You need to get the contract out and go over it with a fine toothed comb, but my guess is that the sales person did not tell you the truth.


----------



## bird (Jul 28, 2009)

We bought the timeshare last August.  It was not the sales folks who told us.  In  May, when I made a reservation to use the free II Bounus Week, It was the diamond/II rep who handled my reservation and told me would lose the $ 164 but not the week.


----------



## DeniseM (Jul 28, 2009)

bird said:


> We bought the timeshare last August.  It was not the sales folks who told us.  In  May, when I made a reservation to use the free II Bounus Week, It was the diamond/II rep who handled my reservation and told me would lose the $ 164 but not the week.



II is not setting the terms for use of the bonus week - Diamond is.  You got the bonus week when you purchased, and the purchase paperwork should spell out the terms of use of that week.


----------



## timeos2 (Jul 28, 2009)

*Doesn't make sense, does it?*



bird said:


> When we purchased with Diamond last August , they gave us a free Bonus week with Interval.  When I made the reservation with II in May and paid the $ 164 fee, I specifically asked what would happen if we had to canel the week.  The Diamond rep responded by saying that we would lose the $ 164.00 but could make another reservation for another week if reserving if less than 60 days.   A few weeks ago we realized we won't be able to travel in August and when I called Diamond, they told me not only would we lose the $ 164.00 but we would also lose the Bonus Week.  After explaining that the rep I spoke with when making the reservation did not state this, they apologized but said if we cancel we lose both the $ 164 and the Bonus Week and that speeaking to a supervisor would result in the same answer.  Naturally, we are very, very unhappy with Diamond so far and we haven't even travelled with them yet.  We do own two other timeshares (Hyatt & another - both affiliated with II) and have had only great experiences with both of these companies and their II affiliates for many years now.  Does anyone have a suggestion as to how we can try to convince Diamond not to beat us out of our Bonus Week?

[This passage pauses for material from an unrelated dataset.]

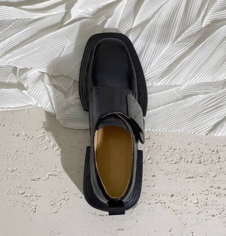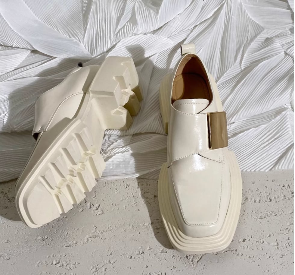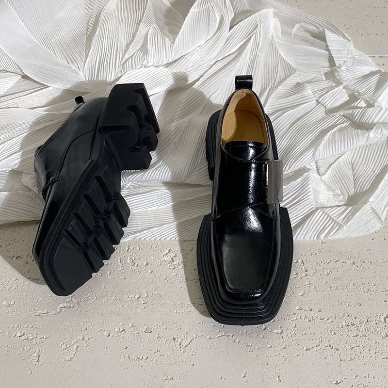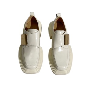 スクエアメタルがポイント開きになった、厚底レザーシューズ。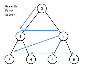 위에 사진을 보면 이해하기 쉽다. 0을 시작 노드라고 가정했을 때, 인접한 노드인 1과 2를 먼저 탐색하는 것을 알 수 있다.(레벨별로 탐색하는 것도 알 수 있다.)

Why would canceling a reservation impact your bonus week? They are two separate transactions to me.  

Plus why does it seem to  be SO hard for people to get a use date? Especially those who are timeshare owners and know that planning ahead is key. Something just suddenly came up in August you didn't know about in April? Except for health or accident - maybe job loss - it really isn't hard to look at a calendar & pick a date or dates to travel, is it?  In planning trips for over 30 years we've never had to back out of one except a few we took on a chance of going that didn't pan out. Never have we seriously planned for a trip & then missed it. Are we just lucky like that? I somehow doubt it. I think people just don't want to pick & live with a date and therefore create the problems they see.


----------



## DeniseM (Jul 28, 2009)

Here's a question - are you trying to roll the bonus week over into 2010?


----------



## bird (Jul 28, 2009)

To John - We have never had to cancel a trip before and we have been timeshare owners for more than 10 years now. I don't need to be lectured on planning and committment, but thanks anyway.

To Denise - No, we are not trying to roll over to 2101.  Simply trying to use the Bonus Week at a different time, even if we are required to reserve less than 60 days as they had stated.


----------



## DeniseM (Jul 28, 2009)

OK - did you look at your contract to see the terms of use of the bonus week?  That's where your answer is.


----------



## bird (Jul 28, 2009)

DeniseM said:


> OK - did you look at your contract to see the terms of use of the bonus week?  That's where your answer is.



Funny thing.  Can't find the Bonus Week certificate, although they had it in their files.  (Left the presentation after 5 hours with our heads spinning.  Did not realize we did not have the certificate in our goodie bag until after we got back home and wanted to make a reservation.)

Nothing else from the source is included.